KPK Tangkap Tangan Dua Pengurus DPP PDIP

Jumat, 10 April 2015 21:06 WIB
417x ditampilkan Kepri Terkini

Ketua Umum PDIP Megawati Soekarnoputri resmi mengumumkan kepengurusan inti DPP PDIP periode 2015-2020. Ada hal unik yang dapat dilihat terkait kepengurusan inti partai moncong putih tersebut.



Selain terpentalnya nama Maruarar Sirait dan Effendi Simbolon, sorotan juga datang kepada dua nama pengurus PDIP. Keduanya adalah Ketua DPP bidang Pemenangan Pemilu Bambang Dwi Hartono atau akrab dipanggil Bambang DH dan Ketua bidan Ideologi dan Kaderisasi Idham Samawi.



Baik Bambang DH Maupun Idham Samawi saat ini masih berstatus sebagai tersangka. Bambang DH yang pernah menjadi wali kota dua periode (2002-2005 dan 2005-2010) dan kemudian rela menjadi wakil wali kota Surabaya (2010-2013) mendampingi Tri Rismaharini yang notabene bekas anak buahnya.


Bambang yang pernah maju sebagai calon gubernur Jatim pada 2013, terjerat kasus gratifikasi DPRD-Pemkot Surabaya sebesar Rp 720 juta. Sejak November 2013, ia sudah ditetapkan sebagai tersangka oleh Ditreskrimsus Polda Jatim. Hanya saja, ia tidak ditahan Polda Jatim lantaran dinilai kooperatif selama pemeriksaan.
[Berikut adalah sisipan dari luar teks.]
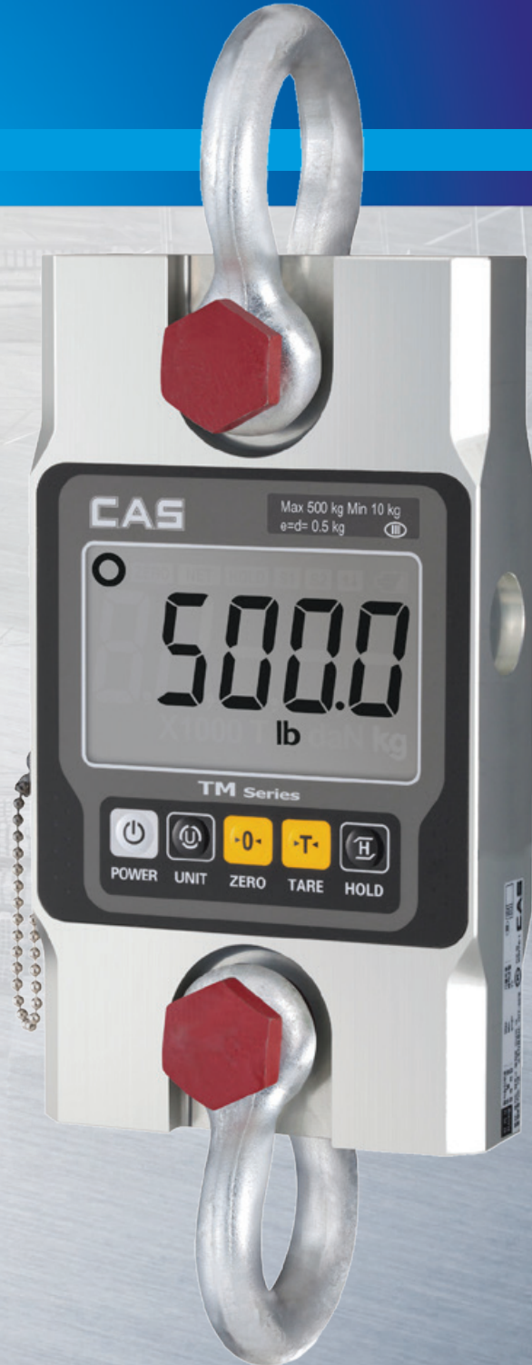
TM Series ▶

Sementara itu, Idham Samawi mantan bupati Bantul dua periode (1999–2004 dan 2005–2010) terjerat kasus dana hibah untuk Persiba Bantul sebanyak Rp 12,5 miliar. Hingga kini, kasusnya masih mandeg di Kejaksaan Tinggi Daerah Istimewa Yogyakarta (DIY).


Atas statusnya itu, meski pada Pileg 2014 meraih suara terbanyak kedua di Dapil DIY di bawah Hanafi Rais, ia tidak dilantik Komisi Pemilihan Umum (KPU) pada 1 Oktober lalu. Sehingga, Idham gagal menjadi anggota DPR dari Fraksi PDIP.